BACKGROUND AND PURPOSE
Two definitions of T1 hypointense (T1H) lesions can be derived from pre-contrast images: those that may or may not have a corresponding gadolinium-enhancing correlate on post-contrast images (T1H total), and those that are simultaneously non-gadolinium-enhancing on post-contrast scans (T1H non-enhancing). To determine the differences in lesion evolution between these two T1H definitions, we examined the effect of glatiramer acetate 40 mg/mL three times weekly subcutaneous injection (GA40) on the number of new or enlarging T1H total and T1H non-enhancing lesions in patients with relapsing-remitting multiple sclerosis (RRMS).
The Phase III GALA study randomized 1404 RRMS subjects 2:1 to receive GA40 or placebo for 12 months. MRI scans were obtained at baseline and at months 6 and 12. Cumulative numbers of T1H total and of T1H non-enhancing lesions were analyzed using an adjusted negative binomial regression model. A total of 1,357 patients had MRI data collected at either the month 6 or month 12 visit.

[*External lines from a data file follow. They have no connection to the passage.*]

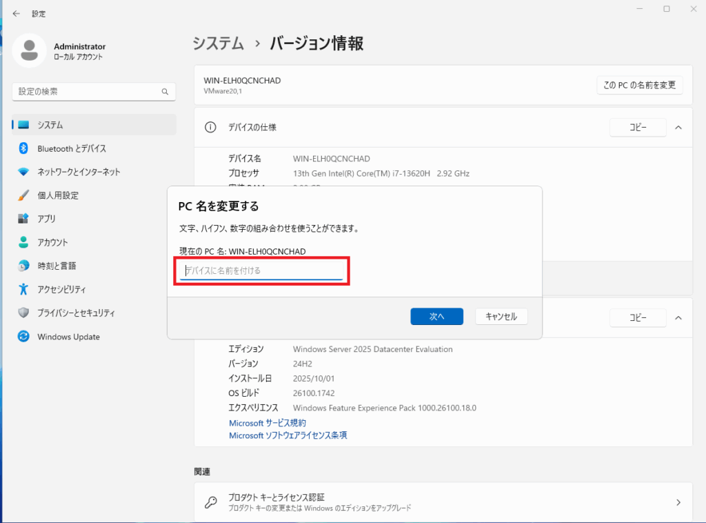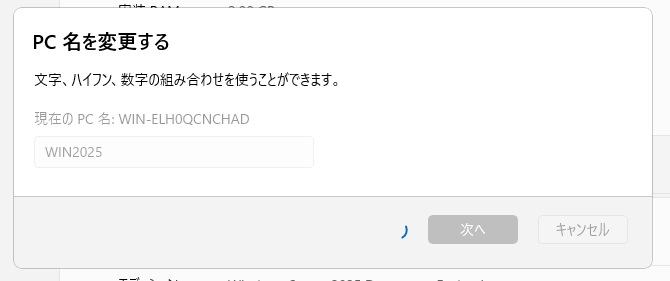 ホスト名(Windows Serverのコンピュータ名)を変更する
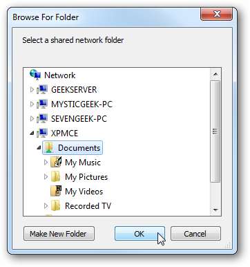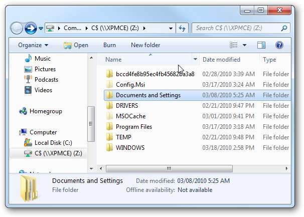 На цьому етапі ви повинні мати доступ до спільних папок на машині XP, але не до всього диска. Тут ми переглядаємо машину XP Media Center Edition.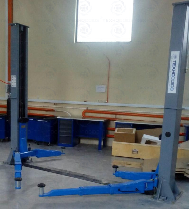 Колонны подъемника оснащены стопорным механизмом, предотвращающим падение автомобиля.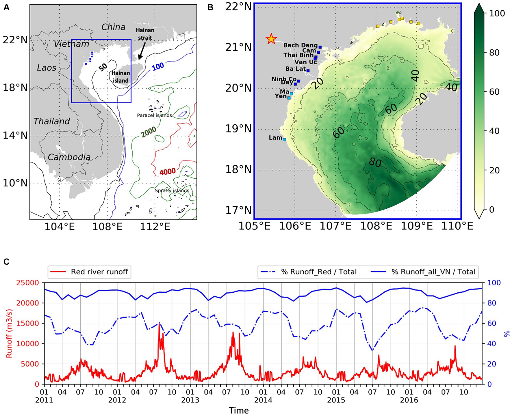 (A) Location of the Gulf of Tonkin. Blue dots show the location of the river mouths of the Red River system. Contour lines indicate the bathymetry of the area. (B) Model domain with bathymetry. The star indicates the location of Son Tay hydrological station at the apex of the delta. Blue boxes show the most upstream points where the runoffs flow to the model. Cyan and yellow boxes show the location of other river mouths in the south and north of RR, respectively. (C) Daily Red River discharge in the model configuration, from National Hydro-Meteorological Service data (red curve, left y-axis). Blue dashed line: Percentage of Red River runoff compared to total runoff (sum of runoff from Red River, other rivers in Vietnam, rivers in China). Blue line: percentage of all rivers in Vietnam (including Red and other rivers in the GOT) compared to total runoff. Blue lines are referred to the right y-axis.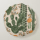 Green succulents, orange flowers, beach wallpaper. round cushion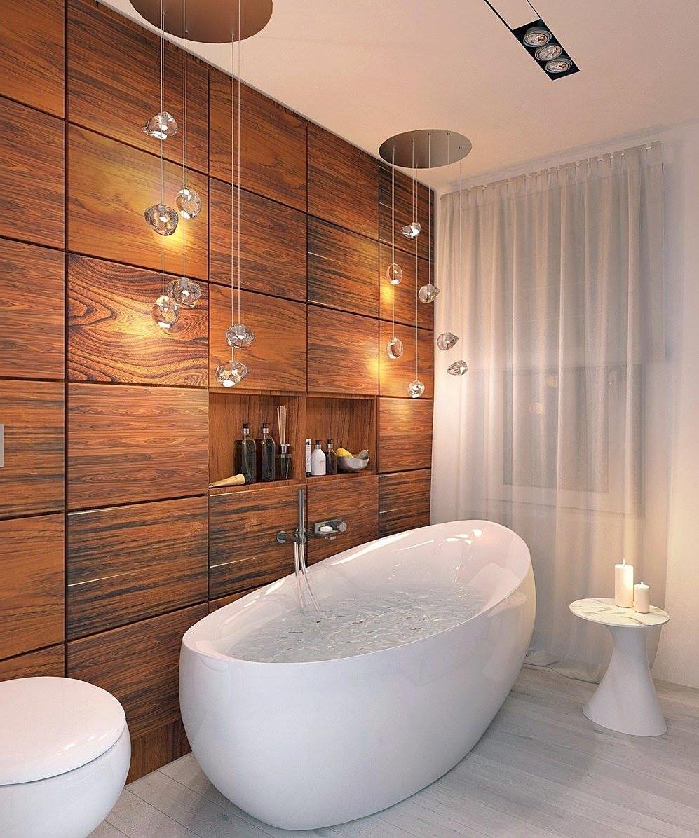 6. Не бойтесь повесить в ванной комнате светильник, достойный гостиной.

Among the 1,357 patients with MRI scans performed at either the month 6 or month 12 visit, 883 treated with GA40 developed an adjusted cumulative mean of 1.72 T1H total lesions versus 2.62 in 440 placebo controls (risk ratio, .66; 95% CI, .54-.80; P < .0001). On T1H non-enhanced scans, GA40-treated patients developed an adjusted cumulative mean of 1.35 T1H non-enhancing lesions versus 1.91 in placebo controls (risk ratio, .71; CI, .58-.87; P = .0009).
GA40 significantly reduced the number of new or enlarging T1H total lesions and T1H non-enhancing lesions compared with placebo. Although the treatment effect magnitude was comparable with both definitions, the use of T1H non-enhancing lesions may be more relevant for more uniform standardization in future clinical trials.